Environmental Protection Agency.
The Environmental Protection Agency (EPA) is approving the “State Plan” submitted by the Commonwealth of Puerto Rico to fulfill the requirements of sections 111(d)/129 of the Clean Air Act for Commercial and Industrial Solid Waste Incineration (CISWI) units. Puerto Rico's State Plan provides for the implementation and enforcement of the Emissions Guidelines, as promulgated by EPA on December 1, 2000, applicable to existing CISWI units for which construction commenced on or before November 30, 1999. Specifically, the State Plan that EPA is approving today, establishes emission limits for organics, carbon monoxide, metals, acid gases and particulate matter and compliance schedules for the existing CISWI units located in the Commonwealth of Puerto Rico which will reduce the designated pollutants.

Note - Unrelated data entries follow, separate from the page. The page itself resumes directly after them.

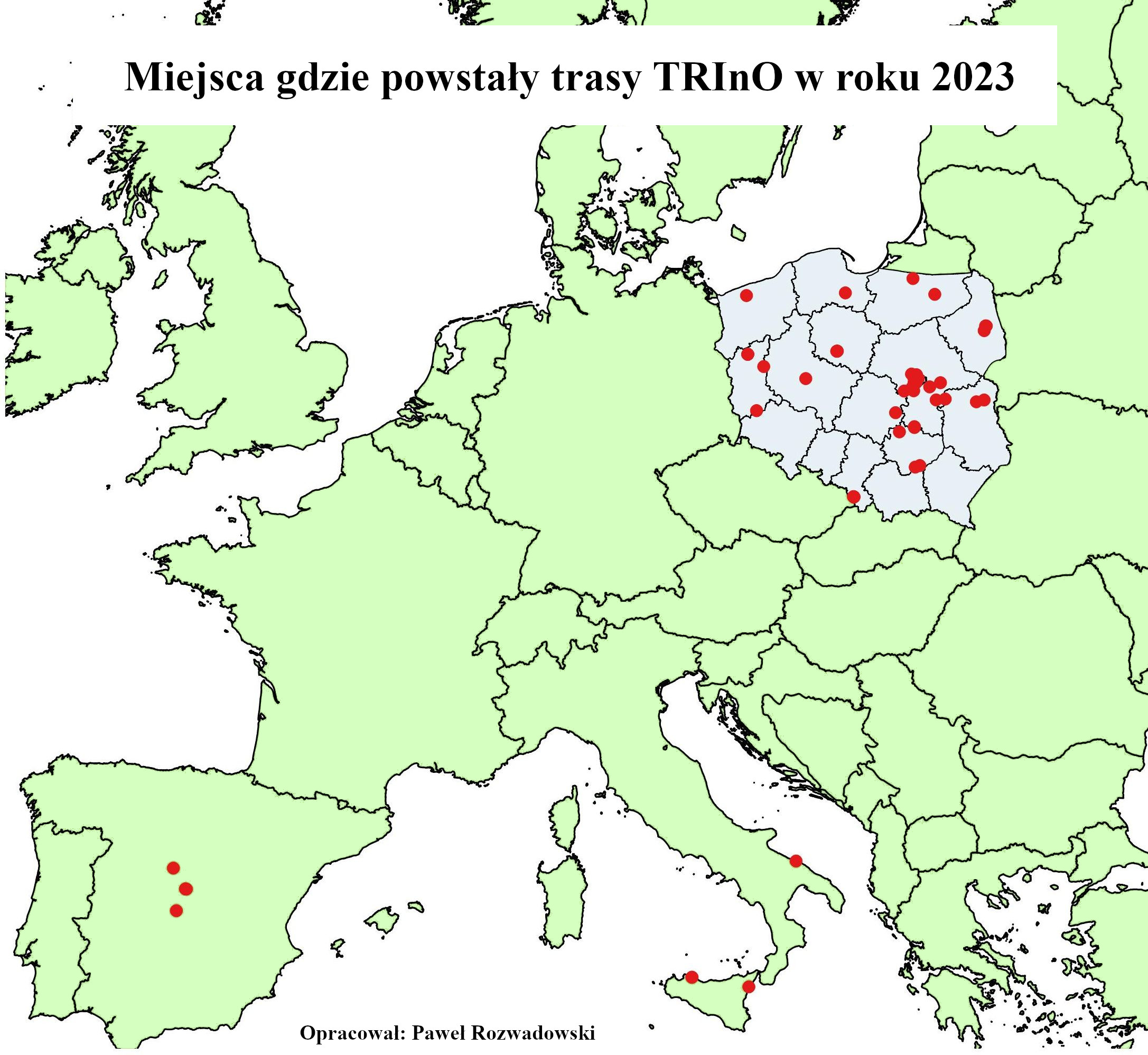 Rozpoczął się rok 2024 czas zatem na małe statystyki. Na koniec 2023 roku w naszej bazie jest 901 tras TRInO. W ubiegłym roku opracowano 51 nowych tras: 43 w Polsce, 4 w Hiszpanii, 4 we Włoszech. W Polsce powstały trasy w 13 województwach, a najwięcej w mazowieckim (19 tras), a dalej kolejno w lubuskim (5 tras) i w śląskim (4 trasy). Najkrótsza trasa (400 m) prowadziła w Bari(Włochy) wokół bazyliki św. Mikołaja, natomiast najdłuższa (7,3 km), wiodła ze Starych Babic do Warszawy śladami Transatlantyckiej Radiostacji.
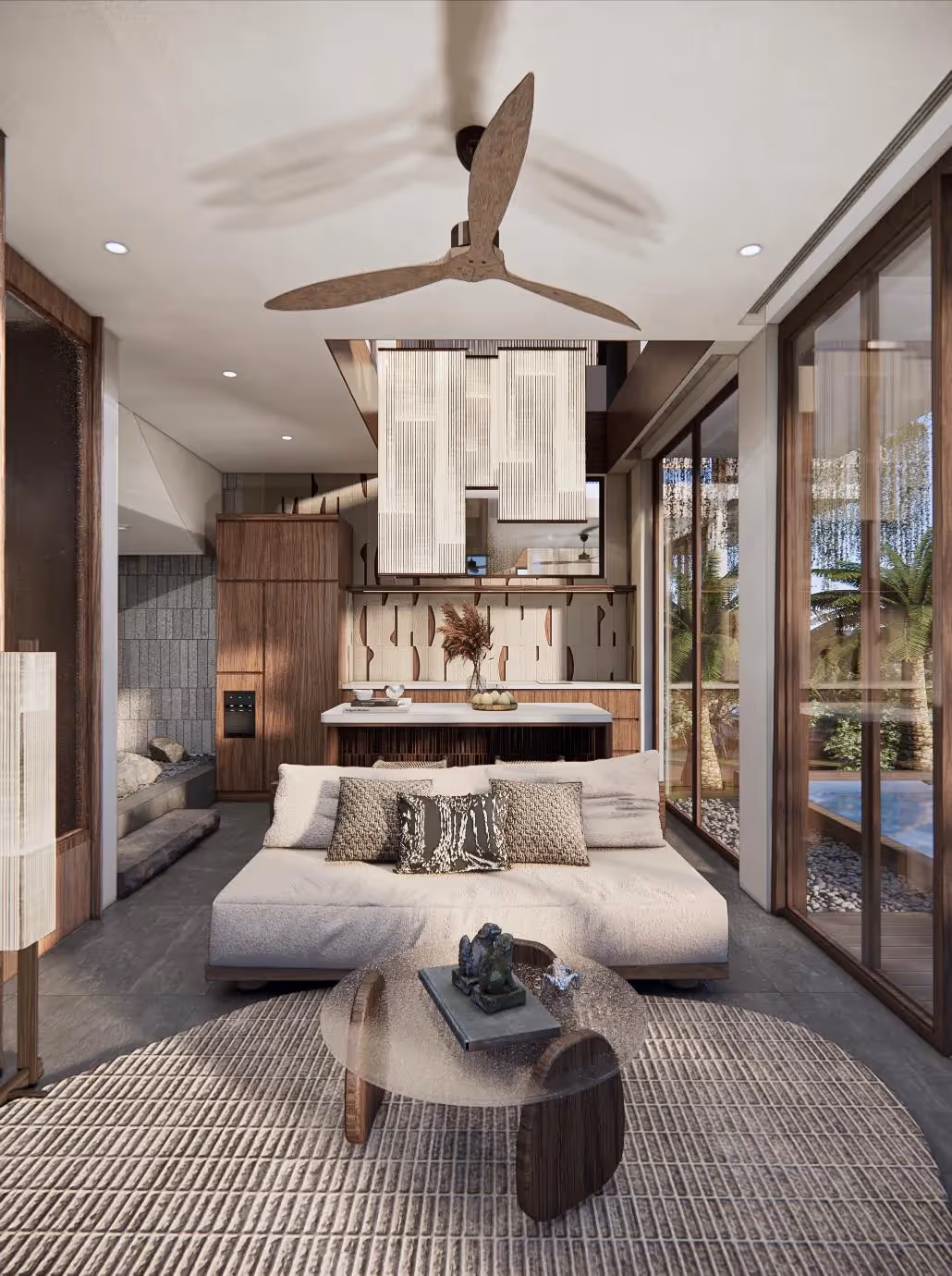 Die Villen mit 2 Schlafzimmern verfügen über 89,4 m² Baufläche auf 168,5—171,6 m² Grundstück. Die Villen mit 3 Schlafzimmern bieten 113,9 m² auf einem 214,6—216,4 m² großen Grundstück. Jedes Haus wird komplett möbliert geliefert und verfügt über helle Wohnbereiche, raumhohe Fenster, eine moderne Küche, viel Stauraum und ruhige Schlafzimmer, die in natürlichen Farbtönen gehalten sind. Jede Villa verfügt über einen privaten Pool, einen privaten Parkplatz und einen privaten Fahrradparkplatz, was für zusätzlichen Komfort und Wohnlichkeit sorgt. Das Eigentum wird für 25 Jahre mit einer garantierten Verlängerung verpachtet, was es zu einer sicheren Wahl für diejenigen macht, die den Kauf einer Immobilie auf Bali in Betracht ziehen.
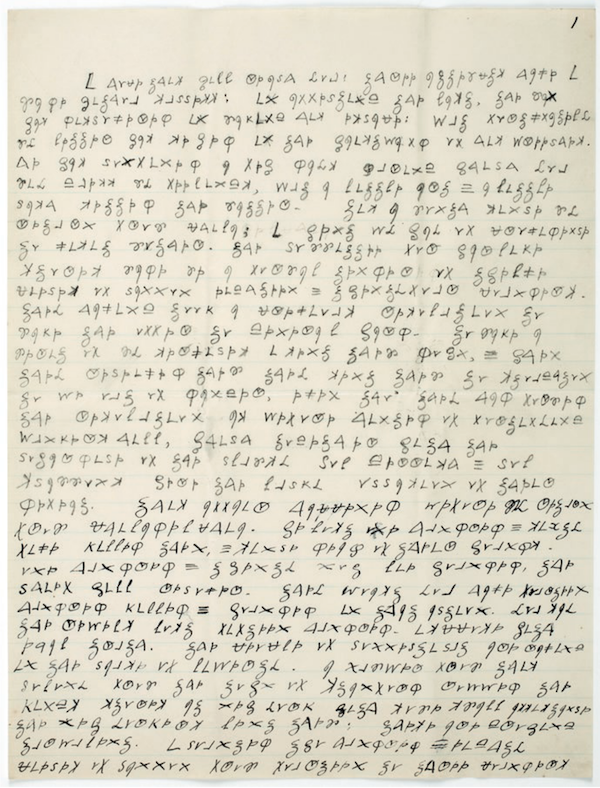 One way to solve an encrypted message, if we know its language, is to find a different plaintext of the same language long enough to fill one sheet or so, and then we count the occurrences of each letter.

This rule is effective on April 12, 2004.
Copies of the state submittal are available at the following addresses for inspection during normal business hours:
Environmental Protection Agency, Region 2 Office, Air Programs Branch, 290 Broadway, 25th Floor, New York, New York 10007-1866.
Environmental Protection Agency, Region 2, Caribbean Environmental Protection Division, Centro Europa Building, Suite 417, 1492 Ponce De Leon Avenue, Stop 22, San Juan, Puerto Rico 00907-4127.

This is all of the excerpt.